第二部分为离体实验,选取体外培养8天的胎鼠大脑皮质神经元,加入不同浓度已经老化处理的Aβ25-35(5、10、20及40μmol/L)作用后,MTT比色法和LDH漏出量检测各组神经细胞活力和细胞膜功能的影响,倒置显微镜下观察神经元形态变化,来选择合适浓度老化处理的Aβ25-35复制AD细胞模型。模型组细胞加入益智汤含药大鼠血清,选择相同的观察指标,观察益智汤大鼠血清对Aβ25-35损伤神经元的保护作用。
主要实验结果如下:
1.益智汤可改善APP695转基因小鼠行为学习和记忆能力
Y型电迷宫显示模型组需要学习达标次数明显多于正常组,且记忆达标次数明显低于正常组(P<0.01)。中药组所需达标次数少于模型组(P<0.05),记忆能力明显改善(P<0.01)。水迷宫结果显示模型组和中药组潜伏期多于正常组,进入盲端次数也多于正常组,与正常组有显著差异(P<0.01,)。与模型组相比,中药组的潜伏期缩短,且进入盲端次数减少(P<0.05)。说明16月龄APP695转基因小鼠学习记忆能力比正常对照组明显下降,较好地模拟了AD的行为学特征。中药益智汤能改善APP转基因模型小鼠的学习和记忆能力。

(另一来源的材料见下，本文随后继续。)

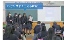
探究のプレゼンテーション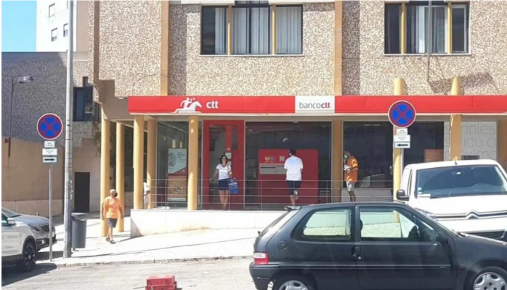
Loja ctt lisboa

2.益智汤可降低APP695转基因小鼠脑组织内APP、Aβ1-40和Aβ1-42的表达
免疫组化结果显示模型组皮质和海马CA1区APP、Aβ1-40和Aβ1-42阳性神经细胞较正常组明显增加,且染色-加深,二者相比有显著差异。与模型组相比,中药组小鼠皮质和海马CA1区APP、Aβ1-40和Aβ1-42的阳性细胞较少,且着色变浅,二者相比有显著差异。ELISA试剂盒定量测定模型组小鼠脑组织和脑脊液中Aβ1-42的含量明显高于正常组,与正常组相比有极显著性差异。中药组小鼠脑组织和脑脊液中Aβ1-42的含量较模型组明显下降,说明益智汤治疗可以降低模型组小鼠脑组织APP、Aβ1-40和Aβ1-42的表达。
3.益智汤可减轻APP695转基因小鼠脑组织超微结构的损伤
光镜观察正常组小鼠大脑皮层组织结构清楚,神经细胞形态结构正常。而模型组小鼠大脑皮层和海马CA1区组织结构紊乱,神经元胞体缩小,胶质细胞增生;微血管管壁有炎性细胞分布,血管壁不整齐。中药组细胞排列较模型组整齐,形态较正常。电镜观察正常组大脑皮层神经元细胞膜完整清晰,核浆比例大,核内染色质分布均匀;细胞质内细胞器丰富,线粒体、突触结构清晰;有髓神经纤维的髓鞘连续、完整、均匀。模型组小鼠大脑神经元细胞膜部分模糊不清,细胞核膜内褶,染色质边聚;细胞质内细胞器减少,各级溶酶体及脂褐素增加;线粒体肿胀、嵴断裂、空泡样变,部分突触变性,突触前后膜及间隙模糊不清;有髓纤维髓鞘破碎不连续;毛细血管不规则,呈现局部管壁增厚。中药组超微结构病变比模型组减轻。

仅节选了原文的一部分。